Move to enforce beef ban in Indian state fuels unrest

A police officer being blocked from shutting down a poultry stall in Mumbai amid a ban on the sale of meat. In a sign of the growing clout of Hindu groups, two states have enforced bans or curbs on beef.
A police officer being blocked from shutting down a poultry stall in Mumbai amid a ban on the sale of meat. In a sign of the growing clout of Hindu groups, two states have enforced bans or curbs on beef.PHOTO: AGENCE FRANCE-PRESSE

A fresh move to enforce a forgotten 83-year-old beef ban in Jammu and Kashmir has fuelled protests in the northern state. The ban, coming on top of similar restrictions in two other states ruled by the the Bharatiya Janata Party (BJP), have outraged critics who contend that Hindu nationalists are trying to dictate the eating habits of Indians along religious lines.

In Muslim-majority Kashmir, protests have broken out since the Jammu and Kashmir High Court last Thursday asked the authorities to strictly enforce a beef ban, which had been all but forgotten since it was officially introduced in 1932. The order came after a lawyer filed a public interest litigation seeking enforcement of the ban.

Though most Muslims in the state prefer mutton over beef, which is eaten more in rural areas as it is cheaper, the issue has become a possible political flashpoint.

Last Saturday, shops were shut and traffic remained off the road afterseparatists issued protest calls.

Separatist leaders, who were put under house arrest by the authorities to prevent trouble, called the ban an "interference in religious affairs". Even the ruling People's Democratic Party, which is in alliance with the BJP, said it opposes a ban in Kashmir, a state that has been rocked by militant activity.

Party spokesman Waheed-ur- Rehman Para said: "If you codify food, it will be a whole controversy. People will question the legitimacy of the state."

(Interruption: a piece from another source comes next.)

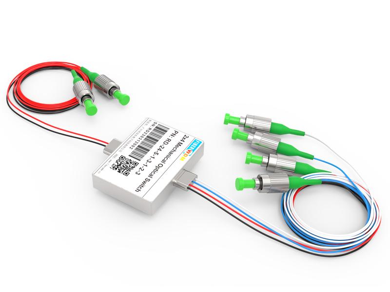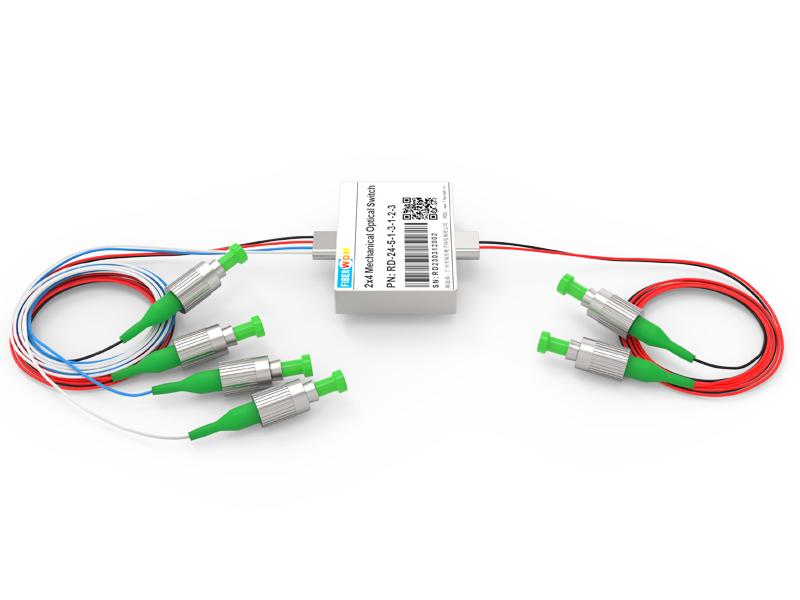 يقوم مفتاح الألياف الضوئية 2×4 بتوصيل القنوات الضوئية عن طريق توجيه أو حجب الإشارة الضوئية الواردة إلى ألياف الإخراج. ويتحقق ذلك باستخدام تصميم كهروضوئي ميكانيكي قيد براءة الاختراع، ويتم تفعيله عبر إشارة تحكم كهربائية. يحافظ الإصدار المزود بآلية تثبيت على المسار الضوئي المحدد بعد إزالة إشارة التشغيل، بينما تعود الإصدارات غير المزودة بآلية تثبيت إلى حالة الفتح أو الإغلاق تلقائيًا عند انقطاع التيار الكهربائي. يحتوي المفتاح على مستشعرات موضع كهربائية مدمجة. يقلل التصميم المتقدم الجديد القائم على مواد عالية الجودة بشكل كبير من حساسية موضع الأجزاء المتحركة، مما يوفر استقرارًا عاليًا غير مسبوق وتكلفة منخفضة لا مثيل لها.
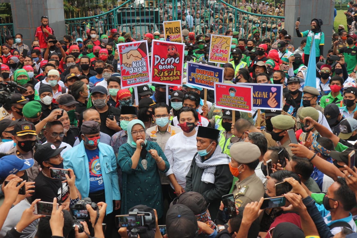 Saat ini Bupati Bogor, Ade Yasin sendiri sudah bersurat ke Presiden Joko Widodo menyampaikan tuntutan para buruh di Kabupaten Bogor. “Kami sadar kewenangan UU cipta kerja adalah DPR RI dan draf sudah di serahkan ke presiden,” katanya.

Muslims were facing the problem of radicalisation, he noted, and such acts could benefit militants.

"People should eat what they want to eat. This is a country where people live in diversity," he added.

"Where are we heading with this ban on meat? This is a controversial issue. It is better the state remains out of it.''

Prime Minister Narendra Modi had promised to protect the cow when he was running for election last year. The cow is regarded as holy by Hindus, who make up just under 80 per cent of the population.

The BJP election manifesto had promised a "legal framework to protect and promote the cow and its progeny". Mr Modi, however, has not yet made moves to institute a federal ban in India - the world's largest beef exporter, which exported US$4.3 billion (S$6 billion) worth of beef last year.

Still, in a sign of the growing clout of Hindu groups, the BJP-ruled state of Maharashtra enforced a beef ban on March 5 this year, while another BJP-ruled state, Haryana, introduced stricter laws that made the sale of beef an offence.

Against this backdrop, a planned eight-day ban on the sale of chicken, pork and mutton - to mark a festival of forgiveness celebrated by the strictly vegetarian Jain community in Mumbai - has also stoked controversy, even though such restrictions are common.